At every stage I did what seemed like the right thing to do, even though it involved risks and didn’t promise great financial rewards. My wife, whose flaws I have yet to discover, has always been supportive.

You’ve popularized some heady stuff that most Christians don’t read outside of seminaries and universities. What do you say to critics who might object that you don’t have an academic background in theology?

I’ve never claimed to be a scholar. I’m a journalist whose beat is the first five Christian centuries. There’s a lot of genuine curiosity about that period, but the academic material is inaccessible to most ordinary Catholics. And the best scholars are usually too busy doing their jobs to write popular books. I’m utterly dependent upon the work of academic historians; but my task is different from theirs. It pleases me to introduce the Fathers to the rest of the Catholic family. They belong to everybody.

Are you working on any other projects right now?

Indeed I am. In early 2015, I’ll have two new books out, both from Image: Seven Revolutions: How Christianity Changed the World and Can Change It Again, co-authored with James Papandrea, an historian at Garrett Seminary; and The Ancient Path: Old Lessons from the Church Fathers for a New Life Today, co-authored with John Michael Talbot.

With Father Frederick Gruber, a mariologist, I’m writing a book about Marian doctrine and devotion in the early church. We plan to have that in print by the end of 2015.

What’s your favorite liturgical feast and why?

Pentecost. It’s the birthday of the church, and I love the church. I love chapter 2 of the Acts of the Apostles, where we see an explosion of charisms in a church that’s diverse, just emergent, yet already one, holy, truly catholic, and actively apostolic.

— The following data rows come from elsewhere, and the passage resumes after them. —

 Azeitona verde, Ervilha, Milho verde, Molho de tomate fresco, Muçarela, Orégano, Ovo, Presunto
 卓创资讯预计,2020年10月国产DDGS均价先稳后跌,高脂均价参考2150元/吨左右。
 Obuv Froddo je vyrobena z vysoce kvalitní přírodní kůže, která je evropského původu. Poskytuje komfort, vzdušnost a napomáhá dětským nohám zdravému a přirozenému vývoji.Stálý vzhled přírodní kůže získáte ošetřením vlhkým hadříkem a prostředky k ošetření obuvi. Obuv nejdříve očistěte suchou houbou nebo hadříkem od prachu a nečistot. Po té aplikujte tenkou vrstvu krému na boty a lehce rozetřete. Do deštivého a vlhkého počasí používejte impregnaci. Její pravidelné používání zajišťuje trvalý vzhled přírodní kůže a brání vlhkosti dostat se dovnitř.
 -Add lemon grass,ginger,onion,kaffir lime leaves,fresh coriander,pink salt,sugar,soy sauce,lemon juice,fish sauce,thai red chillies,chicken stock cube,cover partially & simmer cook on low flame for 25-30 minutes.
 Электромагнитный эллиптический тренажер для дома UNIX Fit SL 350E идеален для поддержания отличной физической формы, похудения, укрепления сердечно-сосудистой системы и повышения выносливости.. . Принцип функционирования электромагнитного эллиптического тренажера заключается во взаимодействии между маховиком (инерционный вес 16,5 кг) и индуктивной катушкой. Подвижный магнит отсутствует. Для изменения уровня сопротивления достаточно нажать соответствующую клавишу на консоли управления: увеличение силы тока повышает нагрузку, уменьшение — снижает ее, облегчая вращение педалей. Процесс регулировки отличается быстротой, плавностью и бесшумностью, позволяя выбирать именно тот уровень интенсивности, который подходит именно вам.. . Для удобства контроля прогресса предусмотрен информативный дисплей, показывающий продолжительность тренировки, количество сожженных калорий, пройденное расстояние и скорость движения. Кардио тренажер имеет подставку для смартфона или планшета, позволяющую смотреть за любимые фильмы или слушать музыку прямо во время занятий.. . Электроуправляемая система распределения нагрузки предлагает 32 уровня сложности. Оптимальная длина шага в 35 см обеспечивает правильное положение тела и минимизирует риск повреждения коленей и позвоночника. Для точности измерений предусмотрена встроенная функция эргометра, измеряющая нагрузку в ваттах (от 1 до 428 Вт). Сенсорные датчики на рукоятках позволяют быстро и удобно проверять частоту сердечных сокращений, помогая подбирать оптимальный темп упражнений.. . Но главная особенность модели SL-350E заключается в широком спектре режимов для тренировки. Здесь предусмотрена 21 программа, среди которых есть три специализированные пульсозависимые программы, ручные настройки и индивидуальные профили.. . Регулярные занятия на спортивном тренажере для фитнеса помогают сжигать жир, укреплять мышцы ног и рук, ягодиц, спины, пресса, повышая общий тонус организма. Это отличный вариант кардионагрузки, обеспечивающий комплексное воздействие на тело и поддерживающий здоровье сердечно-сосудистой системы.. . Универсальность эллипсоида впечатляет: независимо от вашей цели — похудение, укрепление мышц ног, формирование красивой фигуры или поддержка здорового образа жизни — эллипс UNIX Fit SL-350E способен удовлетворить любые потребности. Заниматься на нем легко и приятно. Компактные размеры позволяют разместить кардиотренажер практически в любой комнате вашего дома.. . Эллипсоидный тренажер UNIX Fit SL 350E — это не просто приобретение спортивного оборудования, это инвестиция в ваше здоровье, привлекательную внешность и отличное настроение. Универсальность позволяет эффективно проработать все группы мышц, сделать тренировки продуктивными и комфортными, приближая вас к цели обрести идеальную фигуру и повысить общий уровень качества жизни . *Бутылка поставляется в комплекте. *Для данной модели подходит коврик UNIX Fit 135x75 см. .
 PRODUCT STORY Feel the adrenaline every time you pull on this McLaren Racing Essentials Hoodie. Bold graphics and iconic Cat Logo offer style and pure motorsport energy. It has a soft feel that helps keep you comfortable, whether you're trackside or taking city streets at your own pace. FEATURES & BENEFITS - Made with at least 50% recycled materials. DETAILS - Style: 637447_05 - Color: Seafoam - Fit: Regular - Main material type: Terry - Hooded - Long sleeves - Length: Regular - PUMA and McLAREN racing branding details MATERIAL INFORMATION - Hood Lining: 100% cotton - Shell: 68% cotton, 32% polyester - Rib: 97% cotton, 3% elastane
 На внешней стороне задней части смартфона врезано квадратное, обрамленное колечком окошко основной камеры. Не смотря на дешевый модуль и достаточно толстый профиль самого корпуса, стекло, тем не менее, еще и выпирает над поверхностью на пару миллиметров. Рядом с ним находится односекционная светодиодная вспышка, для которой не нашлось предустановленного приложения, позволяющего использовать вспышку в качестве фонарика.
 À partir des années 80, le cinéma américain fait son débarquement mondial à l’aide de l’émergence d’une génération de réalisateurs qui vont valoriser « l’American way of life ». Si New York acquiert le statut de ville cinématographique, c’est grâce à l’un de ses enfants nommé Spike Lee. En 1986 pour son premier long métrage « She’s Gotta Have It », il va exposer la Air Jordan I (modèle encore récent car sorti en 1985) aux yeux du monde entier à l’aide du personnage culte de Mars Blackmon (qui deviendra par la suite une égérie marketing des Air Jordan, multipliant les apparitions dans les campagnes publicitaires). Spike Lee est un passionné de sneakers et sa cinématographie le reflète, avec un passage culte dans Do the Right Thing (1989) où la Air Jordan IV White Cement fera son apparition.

What’s your favorite scripture verse and why?

Acts 2:42. It’s the life of my family and my parish—gathered for the teaching of the Apostles and the communion, the breaking of the bread and the prayers.

Do you have any hopes for the future?

I have every hope for the future. My children, aged 11 to 25, are more virtuous than I am, and so are their friends. They’ll do better than I’ve done, and their generation will do better than mine has.

In every generation, all things work together for the good of those who love God. I know all the reasons I’m supposed to be apoplectic about threats to the faith and threats to civilization. But I’ve spent the last twenty years immersed in the story of the conversion of the Greco-Roman world. I know how this story can end.

Any last thoughts?

I hope those are still a few years off. I still have deadlines on the calendar.

Sean Salai, S.J., is a contributing writer at America.